WORKING WITH DATA
In this tutorial, we will create two models, wire one's output into the other
using a data.latest() expression, run them through a workflow, then query and
inspect the versioned data they produce.
What we will build
We are going to set up two command/shell models. The first collects system information. The second reads the first's output and produces a summary. We will connect them in a workflow, run it, then explore what ended up in The Swamp — listing data, reading specific artifacts, querying across models, and looking at version history.
Prerequisites
- Swamp installed (Hello World covers installation)
- A terminal open in an empty directory
Initialize the repository
First, we create a fresh Swamp repo:
$ mkdir data-tutorial
$ cd data-tutorial
$ swamp repo init --tool noneYou will see the Swamp banner followed by:
info repo·init Initialized swamp repository at "..." (tools: "none")Create the first model
We create a model called system-info that runs uname -a:
$ swamp model create command/shell system-infoCreated: system-info (command/shell)

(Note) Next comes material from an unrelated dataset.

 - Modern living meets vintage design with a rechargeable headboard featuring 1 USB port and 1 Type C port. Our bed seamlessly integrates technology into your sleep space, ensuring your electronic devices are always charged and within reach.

Path: .../models/command/shell/....yaml
Methods:
execute - Execute the shell command and capture stdout, stderr, and exit code
Inputs:
run (string) *required
...Now we edit the definition to set the command. Open the YAML file shown in the
Path line above — or use swamp model edit system-info — and set the run
global argument:
globalArguments:
run: "uname -a"Run the first model
$ swamp model method run system-info executeYou will see a progress tree, then output like:
info model·method·run·system-info·execute Executing method "execute"

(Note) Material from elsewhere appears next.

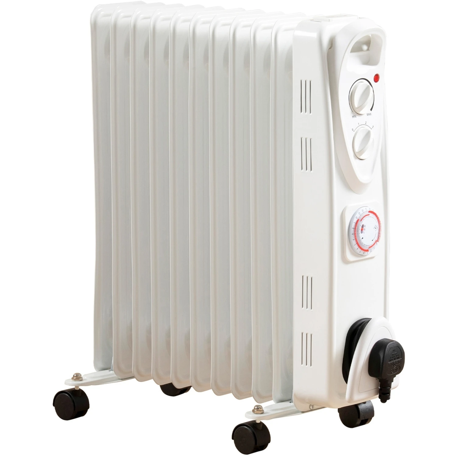 This powerful and portable Daewoo oil filled radiator is the perfect solution to warm up a home, garage, workshop or office.

info model·method·run·system-info·execute Darwin Mac.localdomain 25.3.0 ...
info model·method·run·system-info·execute Method "execute" completed on "system-info"The model ran uname -a and stored the result. Let us look at what it produced:
$ swamp data list system-infoData for system-info (command/shell)
file (1 item):
log v1 text/plain 146B ...
resource (1 item):
result v1 application/json 251B ...
report (2 items):
report-swamp-method-summary v1 text/markdown 471B ...
report-swamp-method-summary-json v1 application/json 2.6KB ...Notice three kinds of data: a file (the raw log output), a resource (the
structured JSON result), and report entries (summaries generated
automatically). We will work with the result resource.
Read the data
$ swamp data get system-info resultData: result (v1)

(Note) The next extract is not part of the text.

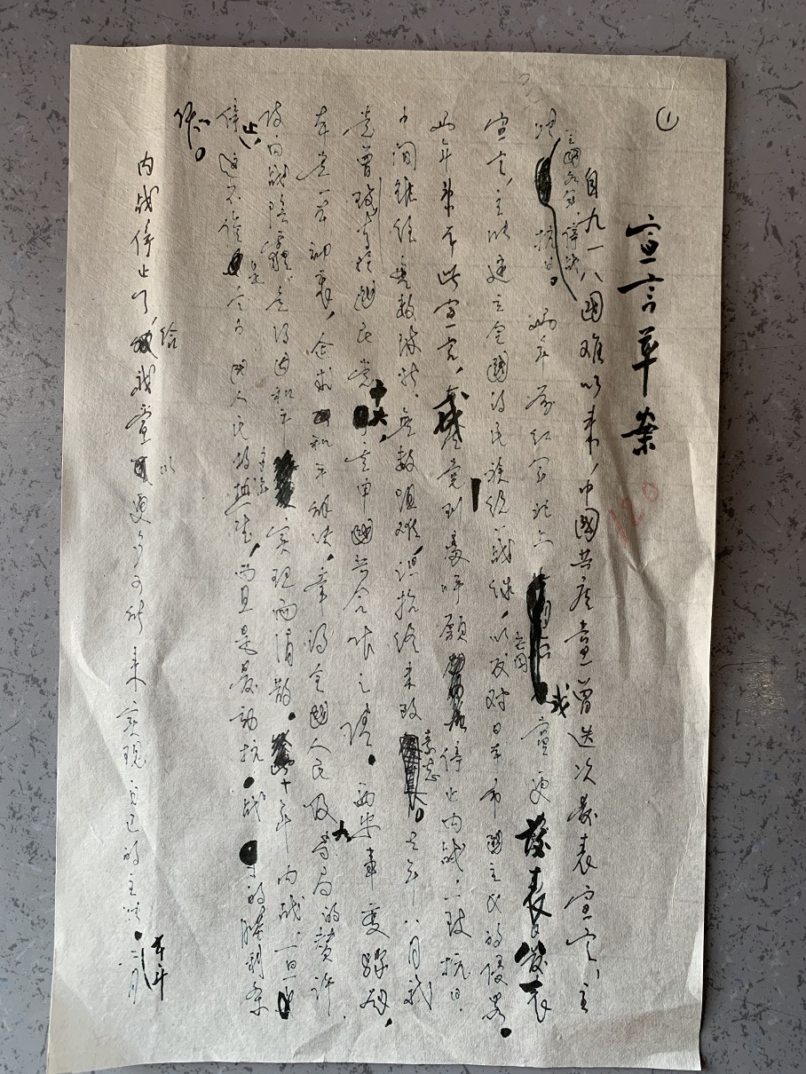 国共合作宣言手稿(台儿庄战役纪念馆提供)

Model: system-info (command/shell)
Content: application/json, 251B
Lifetime: infinite | GC: 10
Tags: type=resource, specName=result, modelName=system-info
Owner: model-method (...)
Created: ...
Path: .swamp/data/command/shell/.../result/1/raw
{
"exitCode": 0,
"executedAt": "...",
"command": "uname -a",
"durationMs": 7,
"stdout": "Darwin Mac.localdomain 25.3.0 ...",
"stderr": ""
}Notice the metadata header above the JSON content — it shows the version (v1),
content type, lifetime, tags, and where the file lives on disk. The JSON
underneath is the actual data the model produced.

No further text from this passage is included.